Many reports indicate that artificial intelligence technology can classify images directly into benign and malignant categories by extracting feature variables such as color, contour, and texture37,38,39. However, these image feature variables extracted by artificial intelligence technology often lack clinical significance, posing significant limitations during the practical application of the model. In contrast, the clinical information and ultrasonographic characteristics of breast nodules were used for building our models and these variables hold clinical significance. This approach not only uncovers the relationship between breast nodule features and pathology, but also enhances the generalizability of these models.

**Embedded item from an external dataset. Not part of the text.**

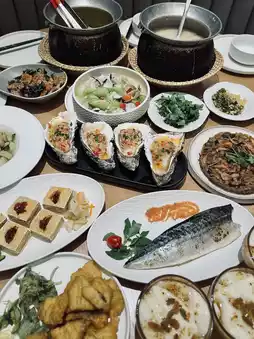 The environment is tasteful, white wood decoration, home feeling, spacious seating, suitable for a large group of people to eat😚

In our study, these models were constructed using algorithm programs provided by MATLAB software, which could reduce the complexity of data analysis. Indeed, a certain level of programming knowledge is still required when using MATLAB software, particularly for modifying or rectifying inappropriate commands. Additionally, it is important to note that a single computation can result in biased estimates and the Monte Carlo cross-validation method could be employed to obtain robust statistical analysis results.

While mathematical models cannot fully substitute doctors, they can effectively aid in diagnosis. However, there are some limitations to the present study. For example, the present work relied on a limited sample of nodules for assessment. The assessment of controversial nodules by doctors involves subjectivity, and inaccurate judgment of nodule characteristics can further impact the diagnosis40. In future work, we will further incorporate more variables, including pathological types and ultrasound elasticity, to improve model diagnosis performance. In addition, we further used ultrasound images coupled with mathematical models to predict the presence of lymph node metastasis in malignant nodules.